Required work:
Beginning with the line that has "2910240 Lucas Paquetá" and ending with the line that has "在电子屏幕上,记者看到了车辆", retype the entries below exactly, except for the pictures.

[Material shown]

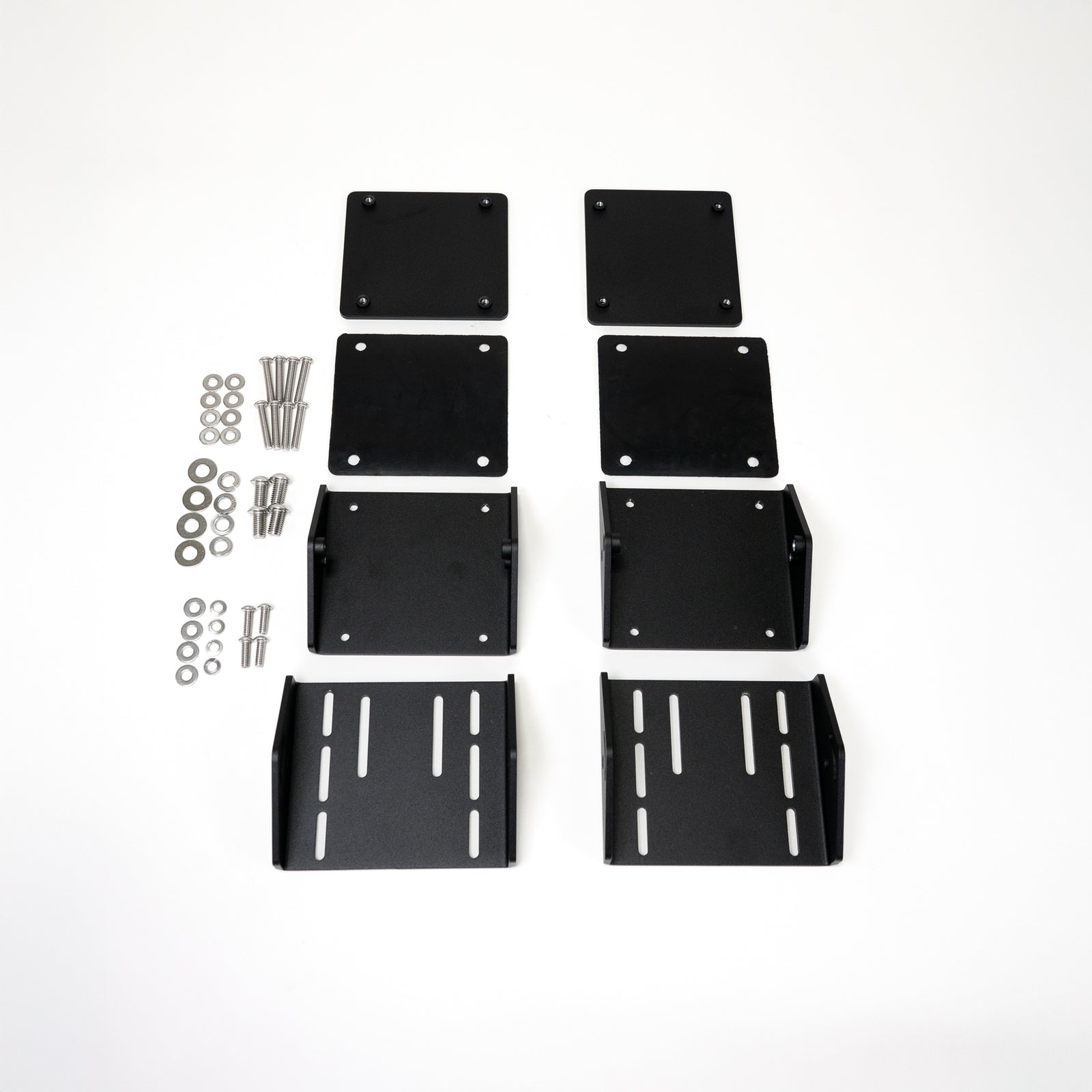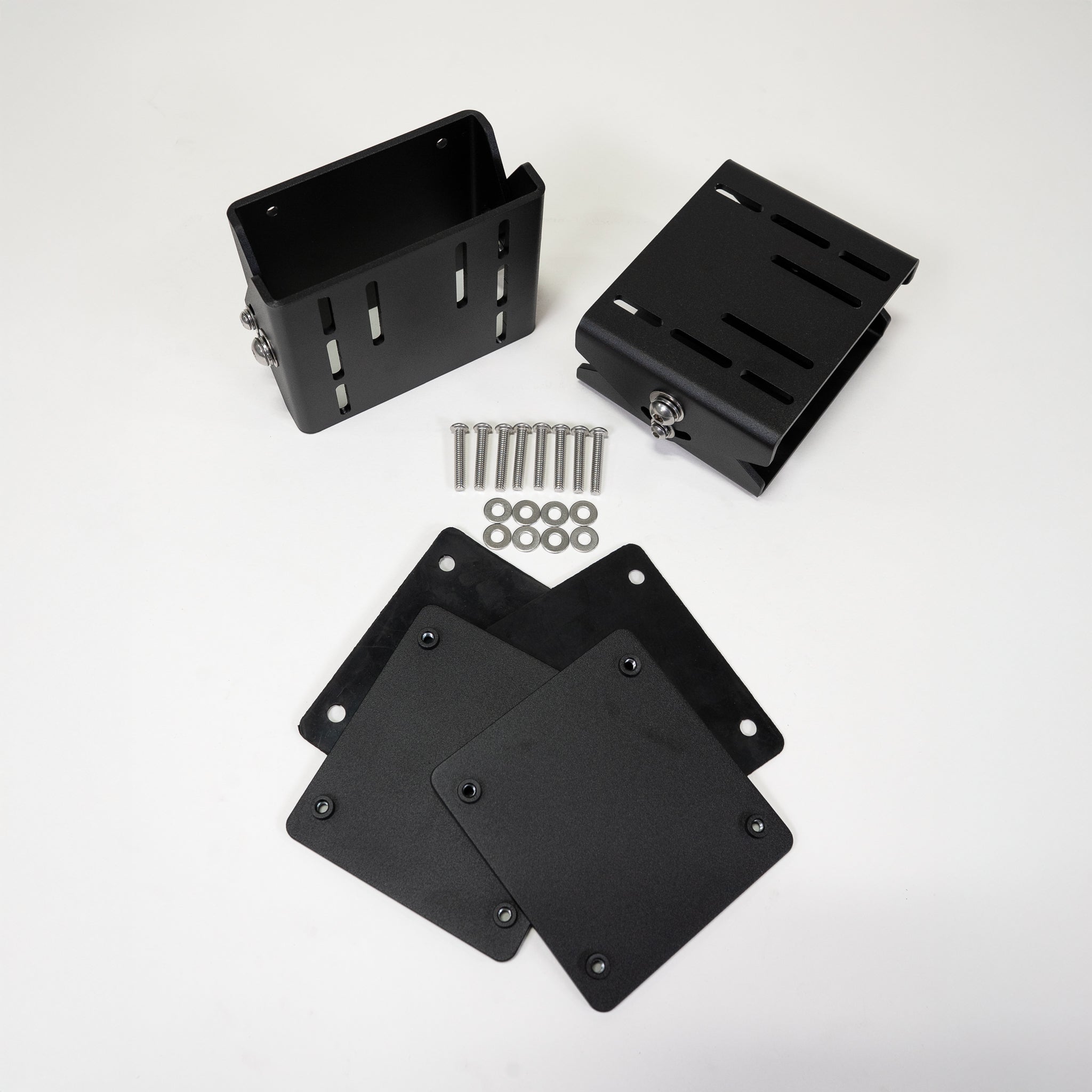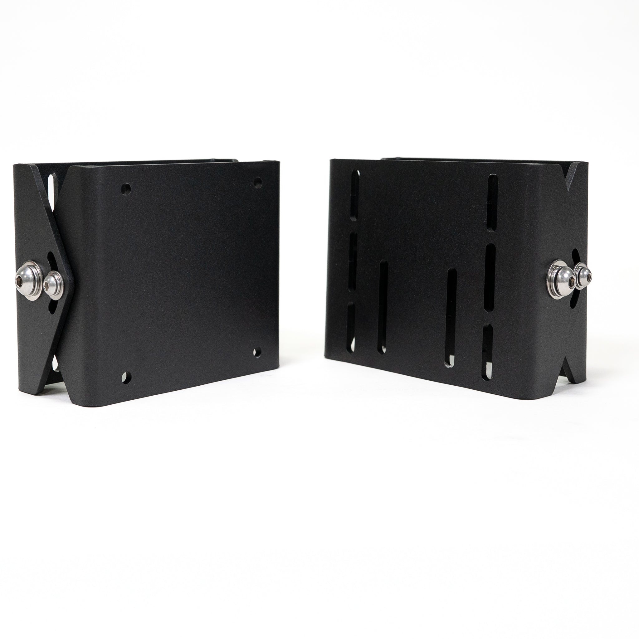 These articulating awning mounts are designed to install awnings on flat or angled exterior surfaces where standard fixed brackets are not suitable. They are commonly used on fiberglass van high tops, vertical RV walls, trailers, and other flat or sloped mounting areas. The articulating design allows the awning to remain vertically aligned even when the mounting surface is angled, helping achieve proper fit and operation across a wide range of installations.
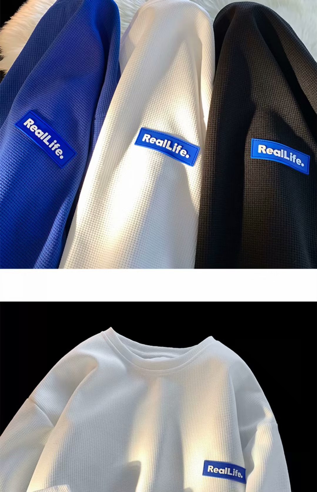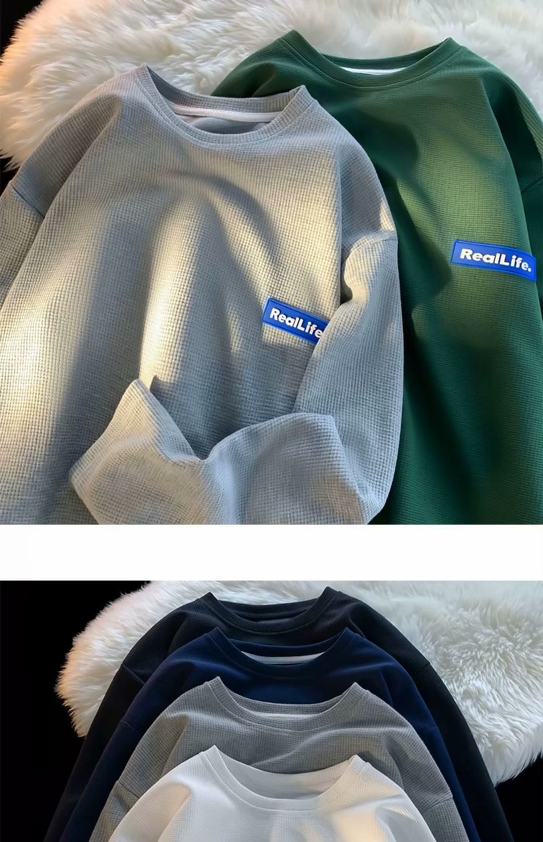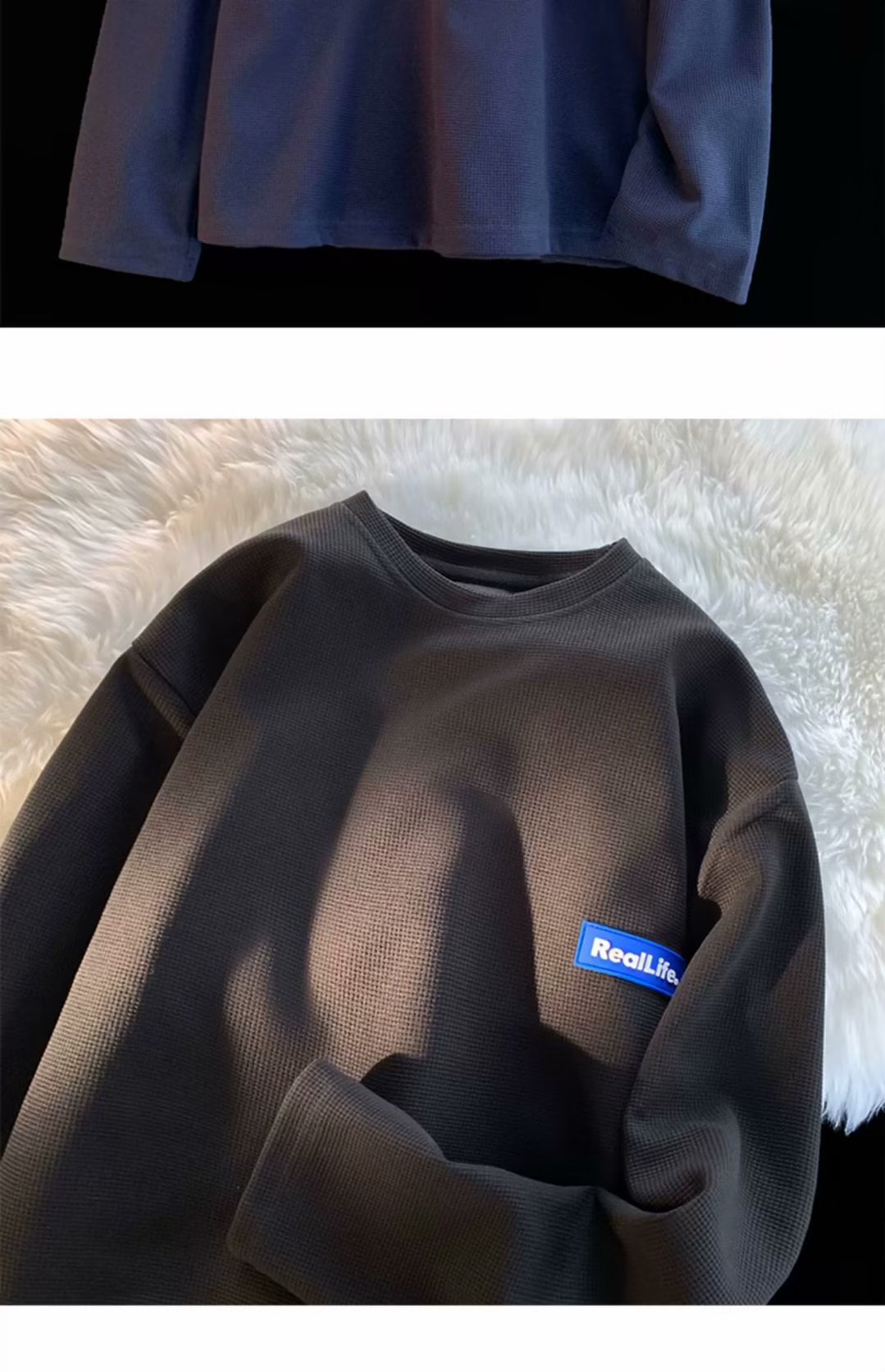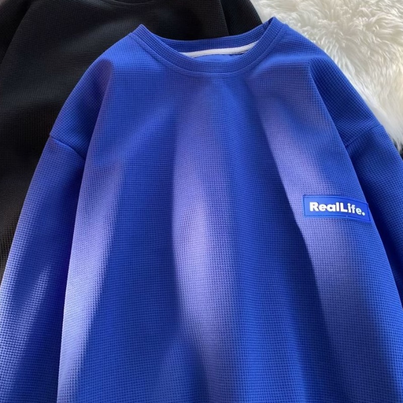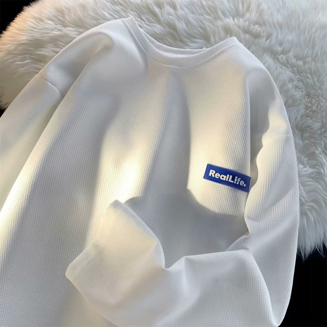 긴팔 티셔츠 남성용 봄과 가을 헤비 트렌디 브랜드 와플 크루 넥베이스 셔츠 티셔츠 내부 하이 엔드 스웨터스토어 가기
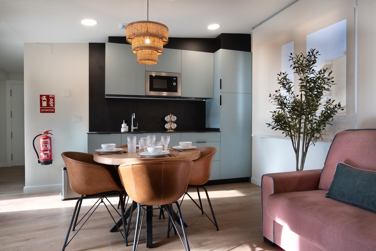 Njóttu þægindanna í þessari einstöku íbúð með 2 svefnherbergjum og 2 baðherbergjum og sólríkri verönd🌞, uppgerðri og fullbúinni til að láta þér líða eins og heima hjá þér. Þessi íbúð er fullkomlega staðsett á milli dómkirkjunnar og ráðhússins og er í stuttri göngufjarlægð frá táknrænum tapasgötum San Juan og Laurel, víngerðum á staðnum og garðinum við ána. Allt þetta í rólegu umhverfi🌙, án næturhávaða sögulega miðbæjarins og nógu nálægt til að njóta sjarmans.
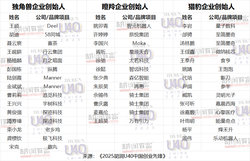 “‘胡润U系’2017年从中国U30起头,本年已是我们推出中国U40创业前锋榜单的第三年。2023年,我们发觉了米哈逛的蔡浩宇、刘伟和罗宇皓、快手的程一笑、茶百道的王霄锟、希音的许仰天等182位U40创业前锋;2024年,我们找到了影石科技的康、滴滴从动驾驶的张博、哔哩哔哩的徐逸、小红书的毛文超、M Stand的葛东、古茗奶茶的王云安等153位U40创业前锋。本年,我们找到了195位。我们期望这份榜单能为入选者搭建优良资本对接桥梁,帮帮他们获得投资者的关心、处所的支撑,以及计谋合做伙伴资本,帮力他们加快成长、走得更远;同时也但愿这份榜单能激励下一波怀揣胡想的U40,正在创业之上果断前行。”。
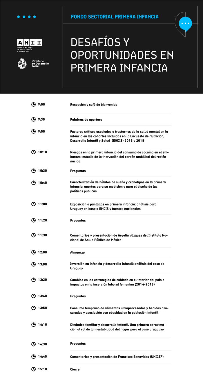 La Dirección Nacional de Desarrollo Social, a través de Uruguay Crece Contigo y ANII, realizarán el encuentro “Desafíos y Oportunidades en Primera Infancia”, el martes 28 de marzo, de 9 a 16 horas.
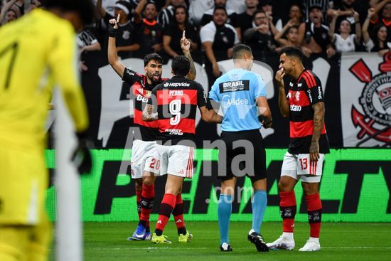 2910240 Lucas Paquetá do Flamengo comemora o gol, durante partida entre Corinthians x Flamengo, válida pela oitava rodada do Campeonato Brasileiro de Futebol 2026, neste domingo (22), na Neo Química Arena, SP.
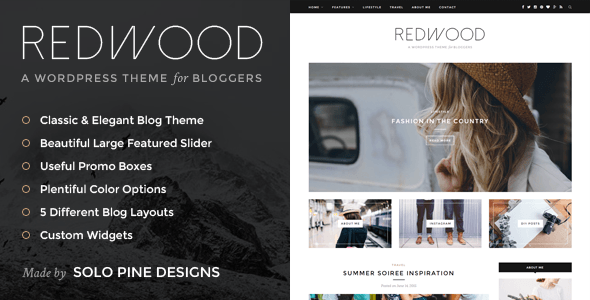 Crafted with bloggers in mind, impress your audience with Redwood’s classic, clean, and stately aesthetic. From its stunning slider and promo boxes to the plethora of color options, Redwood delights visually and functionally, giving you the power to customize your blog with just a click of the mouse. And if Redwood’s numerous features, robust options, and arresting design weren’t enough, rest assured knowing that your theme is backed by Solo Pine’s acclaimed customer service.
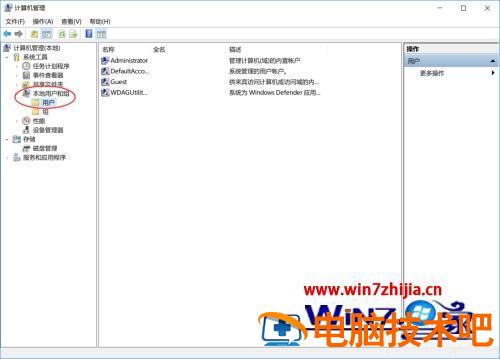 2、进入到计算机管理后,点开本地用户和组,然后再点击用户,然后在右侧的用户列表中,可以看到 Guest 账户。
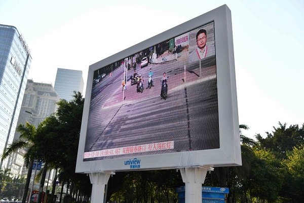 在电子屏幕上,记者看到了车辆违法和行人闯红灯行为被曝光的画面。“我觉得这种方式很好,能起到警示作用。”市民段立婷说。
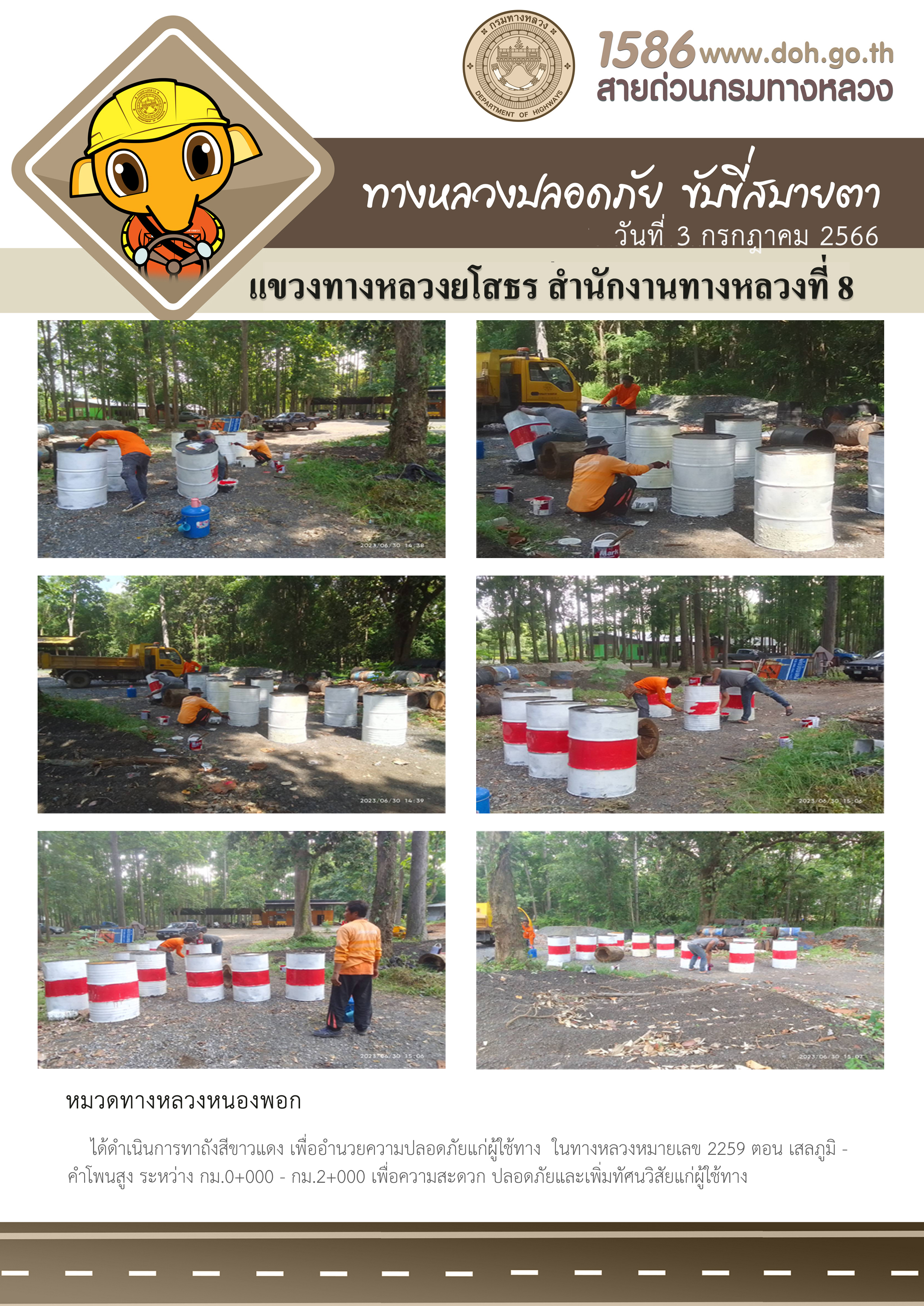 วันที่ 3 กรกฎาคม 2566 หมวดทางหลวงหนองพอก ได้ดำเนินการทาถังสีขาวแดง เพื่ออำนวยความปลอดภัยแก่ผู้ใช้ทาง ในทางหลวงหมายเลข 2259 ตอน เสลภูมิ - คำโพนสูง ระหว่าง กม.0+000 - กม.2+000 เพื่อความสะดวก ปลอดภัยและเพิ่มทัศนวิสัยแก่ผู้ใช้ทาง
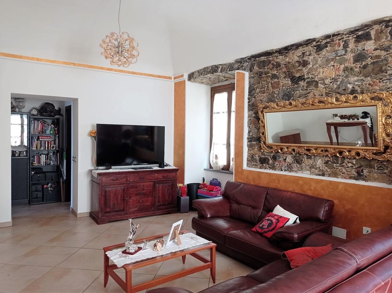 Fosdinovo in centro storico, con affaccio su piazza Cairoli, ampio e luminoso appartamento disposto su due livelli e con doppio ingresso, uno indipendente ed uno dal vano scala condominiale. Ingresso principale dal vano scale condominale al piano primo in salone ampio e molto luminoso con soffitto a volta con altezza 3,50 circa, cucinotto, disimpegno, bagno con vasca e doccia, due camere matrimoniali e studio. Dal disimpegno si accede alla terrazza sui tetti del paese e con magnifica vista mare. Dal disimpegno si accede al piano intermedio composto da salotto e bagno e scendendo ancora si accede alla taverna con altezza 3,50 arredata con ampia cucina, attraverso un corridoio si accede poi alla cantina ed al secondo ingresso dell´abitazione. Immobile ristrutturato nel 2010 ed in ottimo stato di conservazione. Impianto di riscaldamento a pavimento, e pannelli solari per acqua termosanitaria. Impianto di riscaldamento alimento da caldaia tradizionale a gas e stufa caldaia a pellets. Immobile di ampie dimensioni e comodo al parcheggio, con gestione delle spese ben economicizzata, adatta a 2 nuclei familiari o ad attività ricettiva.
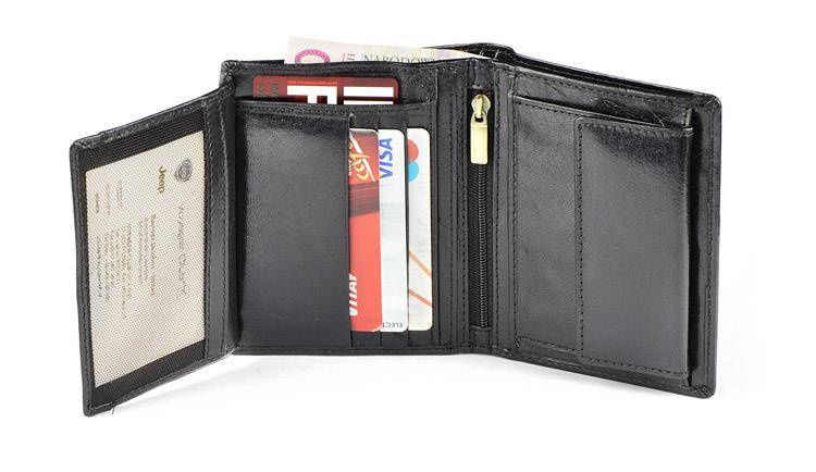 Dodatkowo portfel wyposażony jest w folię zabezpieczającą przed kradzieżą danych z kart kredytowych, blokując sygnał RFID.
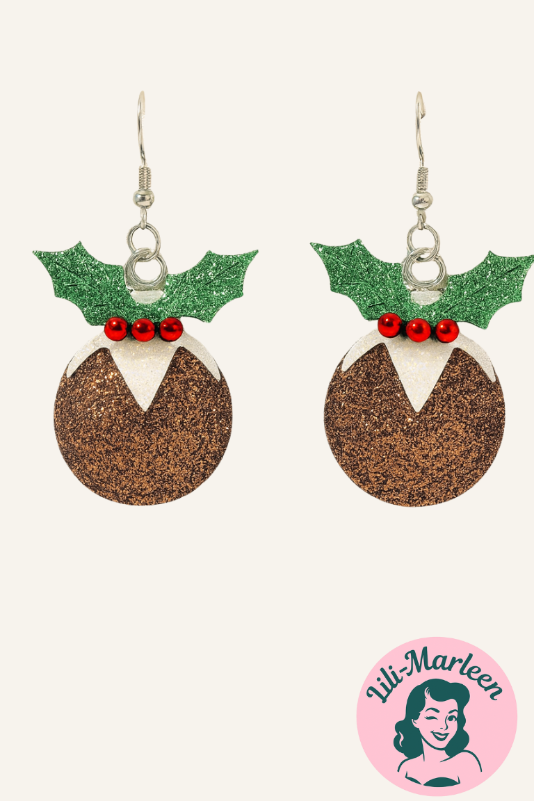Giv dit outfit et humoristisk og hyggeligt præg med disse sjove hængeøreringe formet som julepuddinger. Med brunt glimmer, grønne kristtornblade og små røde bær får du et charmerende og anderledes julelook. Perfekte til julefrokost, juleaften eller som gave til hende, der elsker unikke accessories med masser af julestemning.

[/Material shown]

The completed task:
 2910240 Lucas Paquetá do Flamengo comemora o gol, durante partida entre Corinthians x Flamengo, válida pela oitava rodada do Campeonato Brasileiro de Futebol 2026, neste domingo (22), na Neo Química Arena, SP.
 Crafted with bloggers in mind, impress your audience with Redwood’s classic, clean, and stately aesthetic. From its stunning slider and promo boxes to the plethora of color options, Redwood delights visually and functionally, giving you the power to customize your blog with just a click of the mouse. And if Redwood’s numerous features, robust options, and arresting design weren’t enough, rest assured knowing that your theme is backed by Solo Pine’s acclaimed customer service.
 2、进入到计算机管理后,点开本地用户和组,然后再点击用户,然后在右侧的用户列表中,可以看到 Guest 账户。
 在电子屏幕上,记者看到了车辆违法和行人闯红灯行为被曝光的画面。“我觉得这种方式很好,能起到警示作用。”市民段立婷说。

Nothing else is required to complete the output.